▶

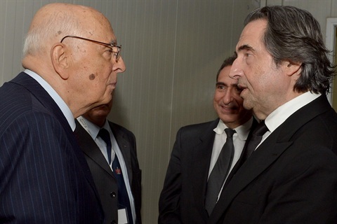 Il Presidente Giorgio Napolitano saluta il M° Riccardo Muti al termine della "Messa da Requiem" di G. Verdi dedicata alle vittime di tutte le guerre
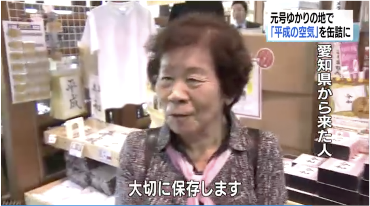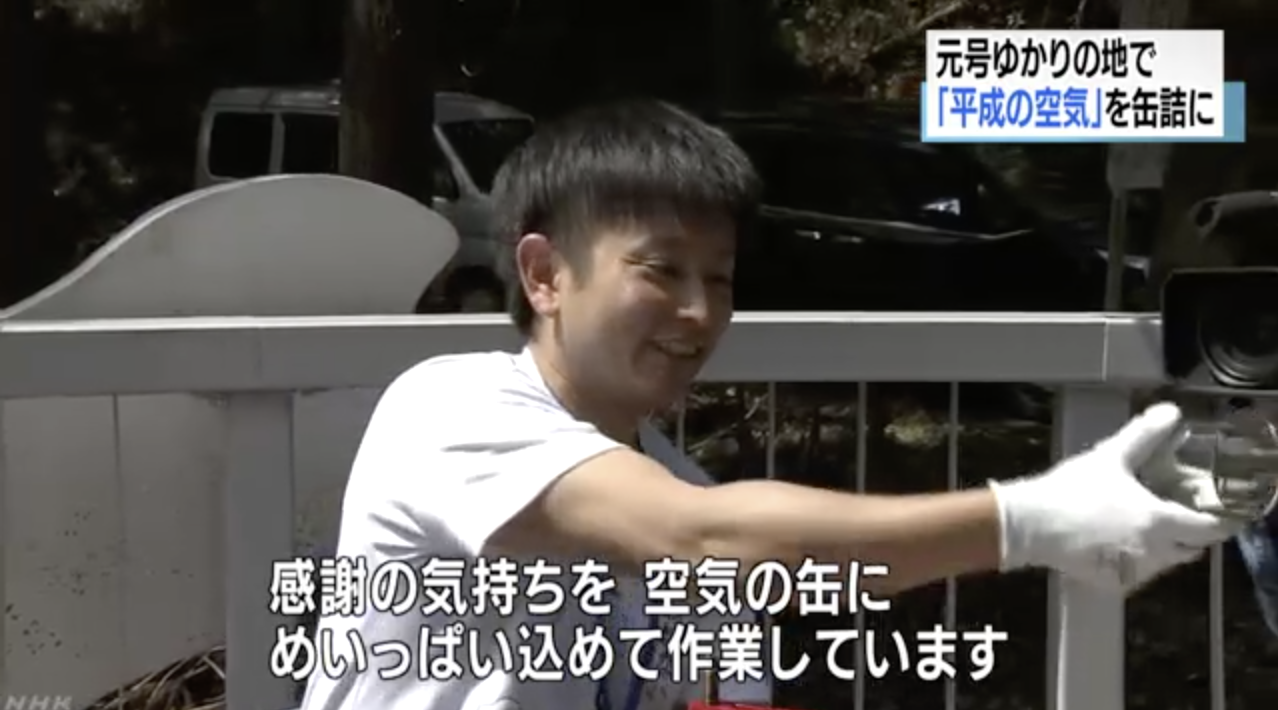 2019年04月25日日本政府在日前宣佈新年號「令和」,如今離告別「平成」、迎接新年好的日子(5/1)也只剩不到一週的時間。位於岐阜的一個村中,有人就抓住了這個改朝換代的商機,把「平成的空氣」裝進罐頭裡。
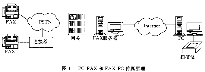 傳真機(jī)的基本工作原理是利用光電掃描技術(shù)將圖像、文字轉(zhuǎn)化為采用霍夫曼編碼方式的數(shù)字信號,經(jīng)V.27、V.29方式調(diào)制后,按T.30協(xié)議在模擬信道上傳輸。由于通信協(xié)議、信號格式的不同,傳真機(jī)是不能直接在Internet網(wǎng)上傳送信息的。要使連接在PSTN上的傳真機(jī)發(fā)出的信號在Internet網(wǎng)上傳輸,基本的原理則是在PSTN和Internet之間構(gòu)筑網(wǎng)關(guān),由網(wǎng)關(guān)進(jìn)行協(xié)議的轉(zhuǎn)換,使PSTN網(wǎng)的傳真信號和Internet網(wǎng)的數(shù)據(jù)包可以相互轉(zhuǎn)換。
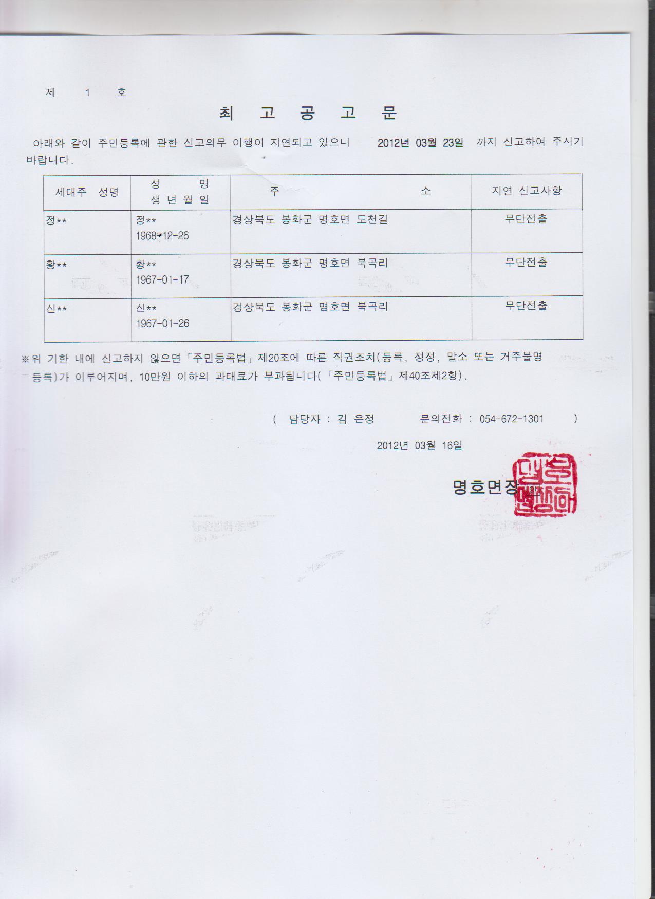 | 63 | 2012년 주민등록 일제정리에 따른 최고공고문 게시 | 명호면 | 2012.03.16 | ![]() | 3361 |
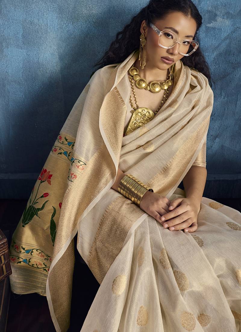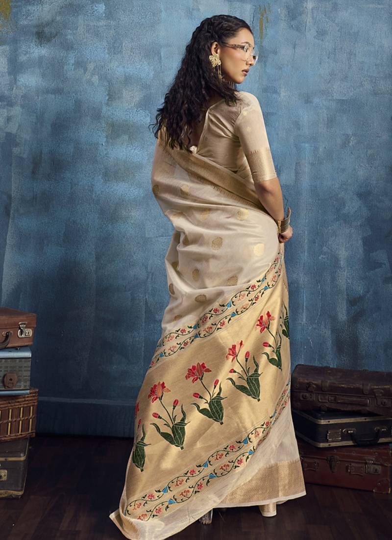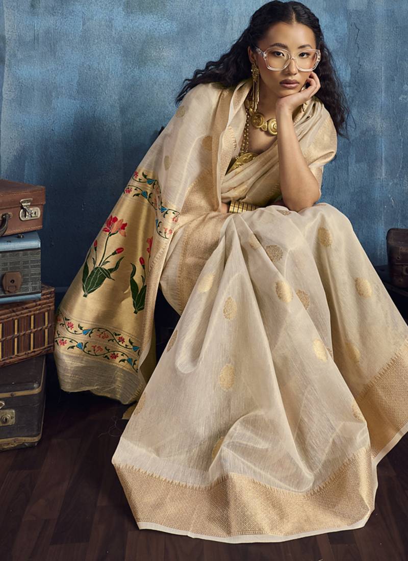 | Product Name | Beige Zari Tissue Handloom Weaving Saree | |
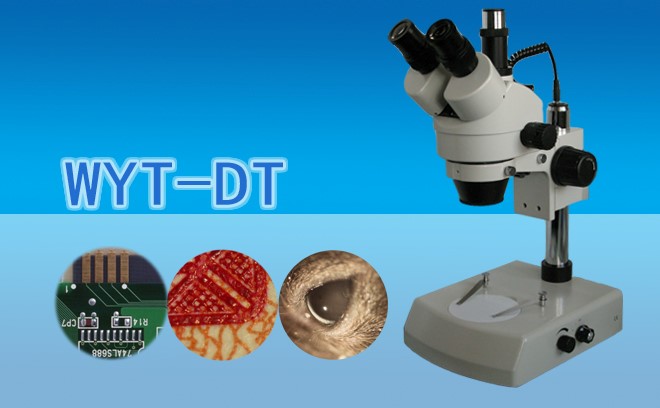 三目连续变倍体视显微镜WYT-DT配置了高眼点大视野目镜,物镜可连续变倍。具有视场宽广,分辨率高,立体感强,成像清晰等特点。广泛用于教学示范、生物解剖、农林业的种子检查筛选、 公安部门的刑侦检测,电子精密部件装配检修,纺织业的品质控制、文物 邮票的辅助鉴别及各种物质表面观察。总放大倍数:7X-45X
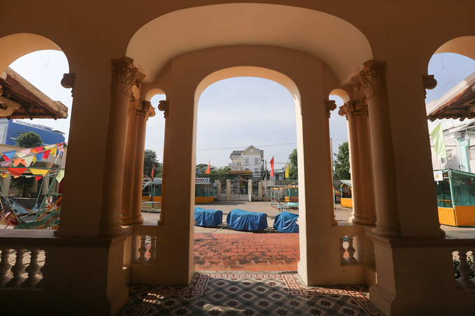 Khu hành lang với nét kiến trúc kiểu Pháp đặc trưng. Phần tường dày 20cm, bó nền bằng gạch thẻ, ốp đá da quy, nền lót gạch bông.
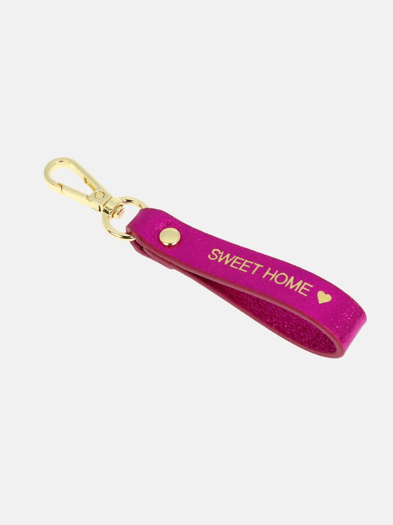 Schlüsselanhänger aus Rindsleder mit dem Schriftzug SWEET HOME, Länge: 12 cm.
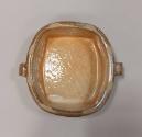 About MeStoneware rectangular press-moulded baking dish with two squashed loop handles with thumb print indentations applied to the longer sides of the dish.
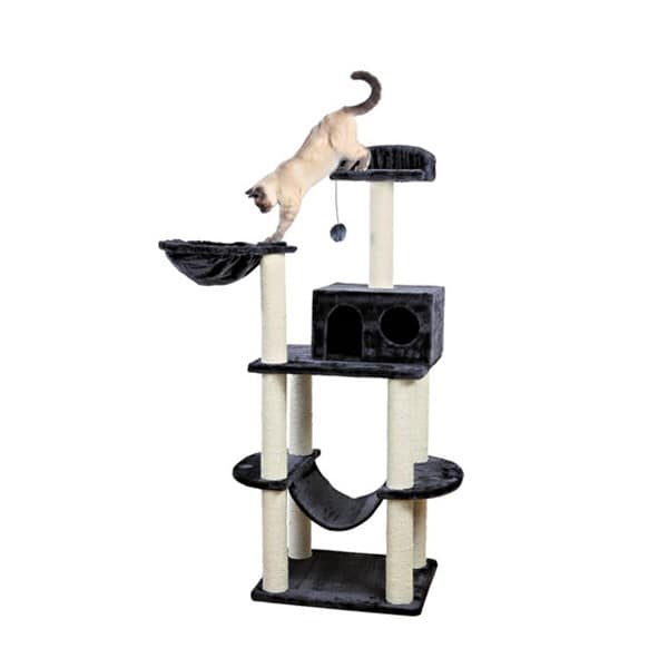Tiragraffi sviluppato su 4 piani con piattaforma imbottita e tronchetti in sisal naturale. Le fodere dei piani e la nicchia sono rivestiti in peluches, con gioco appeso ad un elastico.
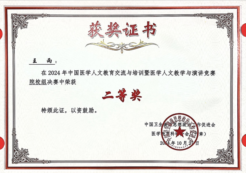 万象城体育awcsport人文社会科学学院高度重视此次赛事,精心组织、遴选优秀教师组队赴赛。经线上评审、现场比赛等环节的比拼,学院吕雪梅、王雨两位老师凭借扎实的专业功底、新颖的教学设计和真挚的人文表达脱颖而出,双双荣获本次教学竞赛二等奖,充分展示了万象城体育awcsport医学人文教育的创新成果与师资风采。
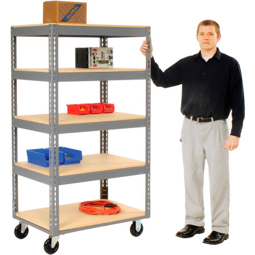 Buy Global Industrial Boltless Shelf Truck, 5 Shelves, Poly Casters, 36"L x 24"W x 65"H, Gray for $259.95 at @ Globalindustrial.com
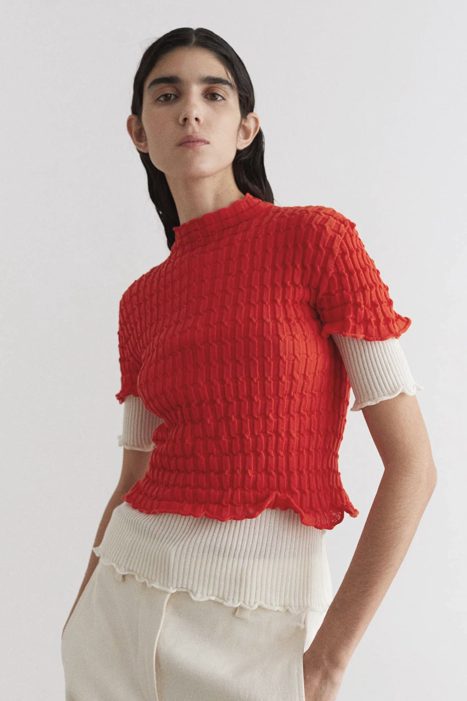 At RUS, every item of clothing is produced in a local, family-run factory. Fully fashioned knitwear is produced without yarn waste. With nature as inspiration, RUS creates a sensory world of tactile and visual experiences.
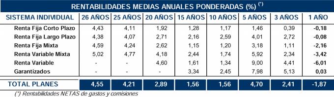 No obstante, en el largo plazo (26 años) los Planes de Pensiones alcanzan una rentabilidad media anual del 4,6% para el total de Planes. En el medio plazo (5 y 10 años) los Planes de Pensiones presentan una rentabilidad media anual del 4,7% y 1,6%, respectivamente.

◀

The task —
In the records above, find the line containing "2019年04月25日日本政" and output every line from the first through that one, exactly, omitting pictures.

Exercise answer —
 Il Presidente Giorgio Napolitano saluta il M° Riccardo Muti al termine della "Messa da Requiem" di G. Verdi dedicata alle vittime di tutte le guerre
 2019年04月25日日本政府在日前宣佈新年號「令和」,如今離告別「平成」、迎接新年好的日子(5/1)也只剩不到一週的時間。位於岐阜的一個村中,有人就抓住了這個改朝換代的商機,把「平成的空氣」裝進罐頭裡。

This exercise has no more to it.